Unnamed: 0,Id,MSSubClass,MSZoning,LotFrontage,LotArea,Street,Alley,LotShape,LandContour,Utilities,...,PoolArea,PoolQC,Fence,MiscFeature,MiscVal,MoSold,YrSold,SaleType,SaleCondition,SalePrice
0,1,60,RL,65.0,8450,Pave,,Reg,Lvl,AllPub,...,0,,,,0,2,2008,WD,Normal,208500
1,2,20,RL,80.0,9600,Pave,,Reg,Lvl,AllPub,...,0,,,,0,5,2007,WD,Normal,181500


# **Data Cleaning**


# Cleaning Numeric Column 

In [56]:
# Ensure 'float64' is in lowercase and fix inplace usage
df_numeric = df.select_dtypes(include=["int64", "float64"])

# Fill missing values in numeric columns with the median
df_numeric = df_numeric.fillna(df_numeric.median())

# If you want to apply the changes back to your original DataFrame:
df.update(df_numeric)


# **Clean object Column by turning it into category and used .codes to turn it into numbers**

In [57]:
df_object = df.select_dtypes(include='object')

# Convert object columns to categorical, then into numeric codes
for key in df_object.columns:
    df[key] = pd.Categorical(df_object[key]).codes+1 # Adding 1 to avoid -1 for 'Unknown'

# Update the original dataframe with the encoded values 
df.update(df)
    

In [58]:
if df.isna().sum().any() > 0:
    print("There is still null values in the Dataset")
else:
    print("No null Values in the dataset")

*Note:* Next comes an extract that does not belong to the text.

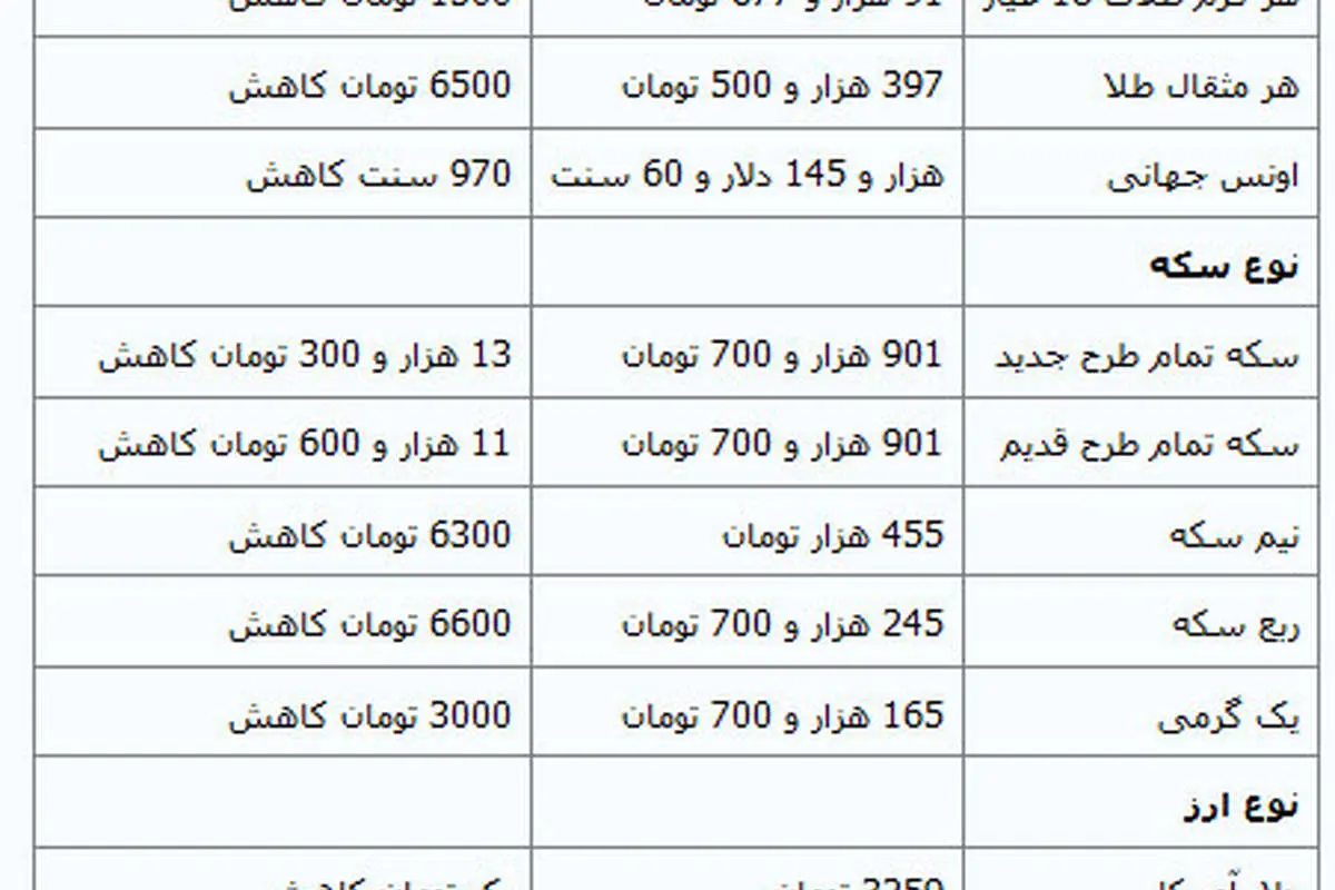 کاهش قیمت سکه و طلا در روز پنج شنبه

No null Values in the dataset


# **Split the data into training , validation and testing**

In [59]:
# splitting data into x and y 
x = df.drop("SalePrice" , axis=1)
y = df.SalePrice


In [60]:
#splitting x and y in training and test set
x_train, x_test ,y_train , y_test = train_test_split(x , y, 
                                                      test_size= 0.4,
                                                      random_state = 42)

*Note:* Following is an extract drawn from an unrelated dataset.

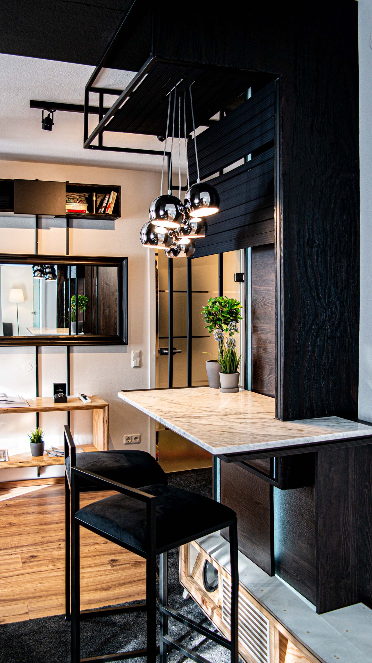 Die Wohnung ist sehr intelligent und luxuriös eingerichtet. Es gibt einen großen Arbeitsbereich mit erweiterbaren Monitoren und eine Küche mit sehr guter Ausstattung. Caldern liegt nordwestlich von Marburg und ist mit dem Auto in weniger als 10 Minuten zu erreichen. Die Zug- und Busverbindung verbindet im Stundentakt alle umliegenden Orte mit der Stadt Marburg. Supermärkte (Aldi, Rewe) befinden sich im Nachbarort Sterzhausen. Für den kleinen Einkauf gibt es im Ort einen Metzger, Bäcker und eine...

# splitting test set into test and validation
x_val, x_test ,y_val , y_test = train_test_split(x_test , y_test, 
                                                      test_size= 0.5,
                                                      random_state = 42)

In [61]:
x_train.dtypes.value_counts()

int8       43
int64      34
float64     3
Name: count, dtype: int64

# **Fit the initial model and evaluate**

In [62]:
#Fitting initial
from sklearn.ensemble import RandomForestRegressor

#Instantiating a model
rf_model = RandomForestRegressor(n_jobs = -1, 
                                 random_state= 42)

# Fitting the model
rf_model.fit(x_train , y_train)

In [95]:
# function with every regression metric for evaluatuion and model performance

from sklearn.metrics import mean_absolute_error , mean_squared_error , mean_squared_log_error , r2_score 

# Function that calculates root mean sqaured error
def rmse(y_train , y_preds):
    
    "calculates the root mean squared error "
    
    return np.sqrt(mean_squared_error(y_train, y_preds))


# Function that calculates root mean squared log error
def rmsle(y_train , y_preds):
    "calculates the root mean squared log error"
    
    return np.sqrt(mean_squared_log_error(y_train , y_preds))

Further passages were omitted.